You might be referring to a quote from Paul Stamets. I am not an expert, so here's my anecdotal take on it: when I drink alcohol, my mild tinitus completely fades away. I'm highly suspecting it has something to do with lowering blood pressure. Psylocybine is also known to affect blood pressure, (both rising and lowering). Then again, so is trying to relax. Being a micro doser myself, I have become very sceptical about the psylocybine craze lately. It's being advocated as a panacea, which it's obviously not. I know you are referring to an anecdote, but it's not far off from what I've seen being pushed by these so called 'institutions' without any substantial evidence. The quackery going on is pretty worrysome and will end up damaging the image of psylocybine yet again, imho.
Let's talk about money. How much is a reasonable total cost like this for restoration of hearing? $10k? $100k? $1 million? More? Next, what do readers think the cost will actually be?
They haven't really gotten to the point where they even know it works.
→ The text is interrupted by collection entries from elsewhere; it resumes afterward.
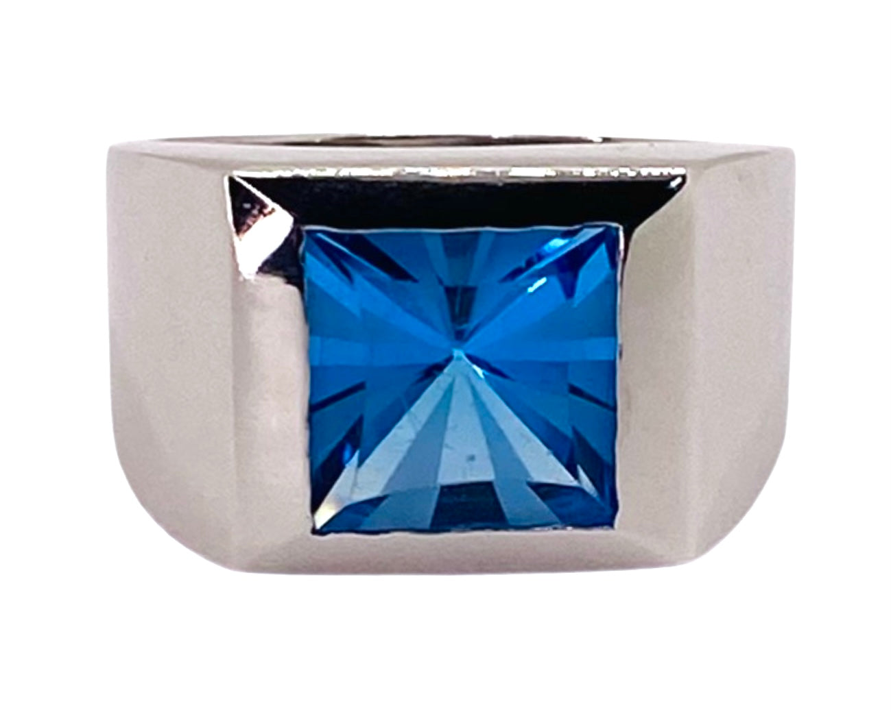 Estate Jewelry 14K White Gold Mens Blue Topaz Ring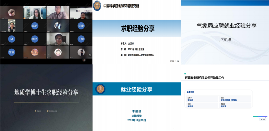 为持续推动研究所毕业生就业指导与服务体系建设,助力研究生准确把握就业趋势、科学规划职业路径、提升求职核心竞争能力,最终实现高质量就业。12月29日,地球环境所人事教育处联合学生会线上举办第四届“职”引未来就业经验分享会,80余名研究生踊跃参会。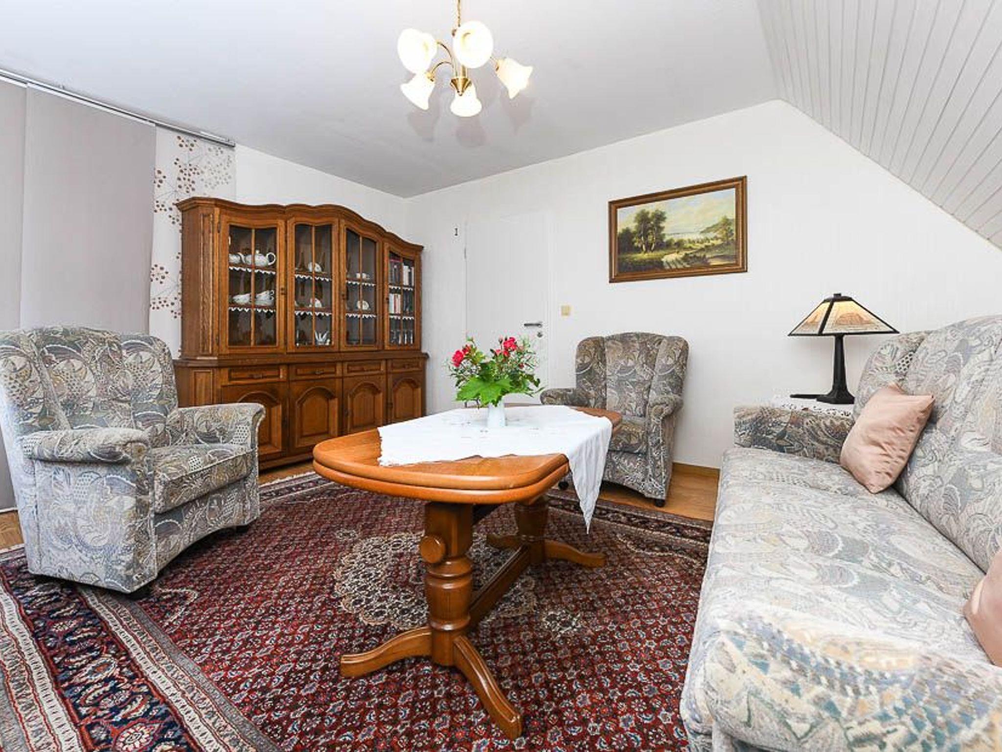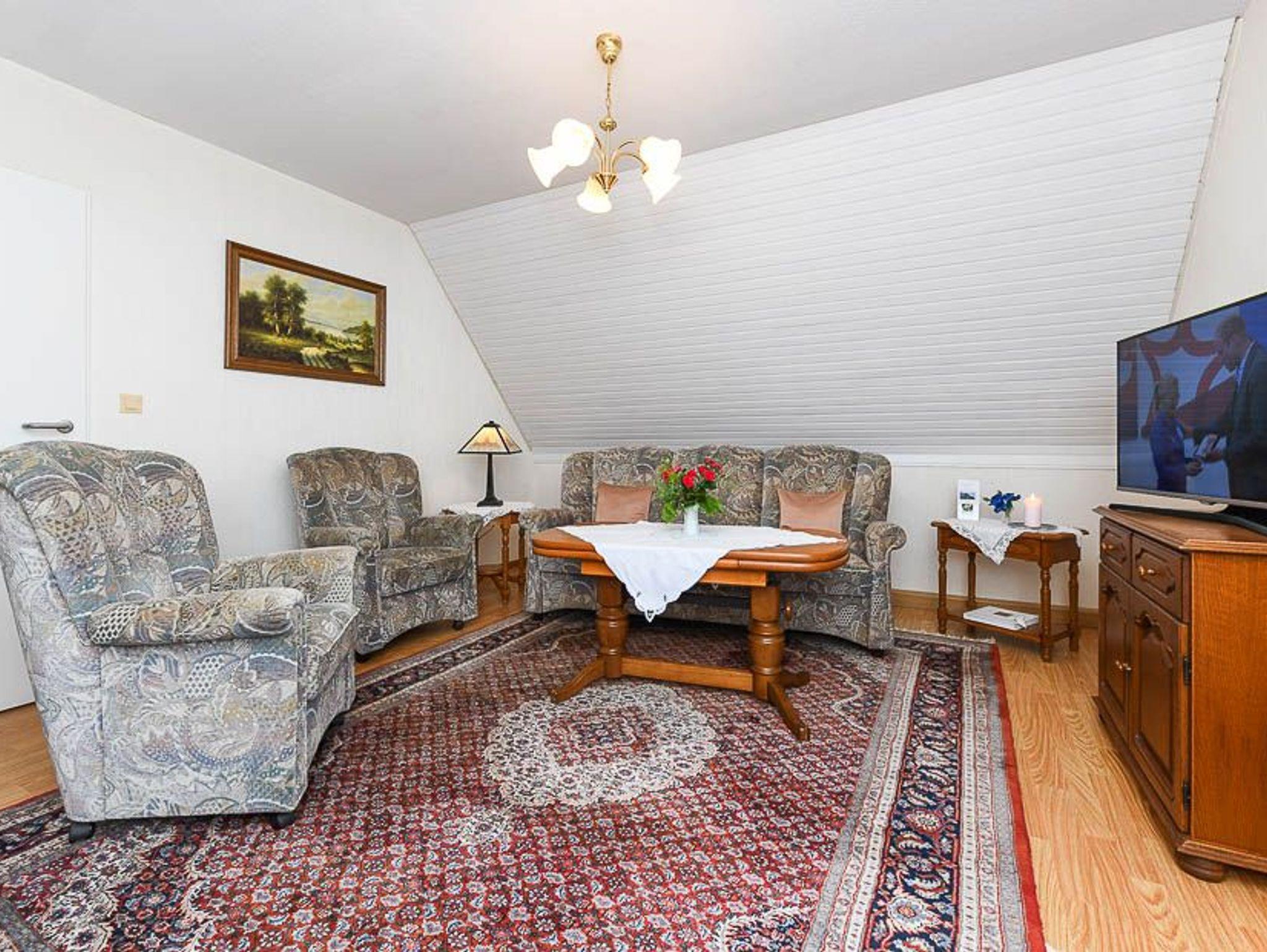Größe ca. 45 Quadratmeter, Wohnzimmer, Küche, Schlafzimmer, Badezimmer mit Dusche, Waschtisch und WC, Obergeschoss, Internetzugang über WLAN möglich, optimal für 1 bis 2 Personen.

The mechanism should work if there are viable progenitor cells present (so I would expect it to be of some use in most cases of hearing loss), but they may not be able to develop this drug into a reliable treatment.
So true. My son was born with severe hearing loss, and for 5 years we have heard treatment was on the horizon.
His hearing has now declined to the point where he needs a cochlear implant, and I worry that if we do that and a treatment is eventually developed, he might not benefit from it. However, I think it would be foolish to wait. Gene therapy seems like the only hope, and I don't think there have been great developments in that area.
The failure of the prior trial was suspected, and I believe it, due to a refractory response by overdosing the inner ear with too frequent administrations of the drug, and then testing for effect too soon. I bet even those candidates of the phase IIa trial though would, if checked on now, show some improvement.
Animal research has shown that natural cochlear hair cell regeneration and resultant hearing restoration is very real, we mammals just don't have the natural cellular signaling to redifferentiate those base cells - small molecule drugs like FX322 do exactly that. I am optimistic they'll eventually find the right dosing regimen to see reliable and optimal clinical effect, and it will be a seismic advance in medicine.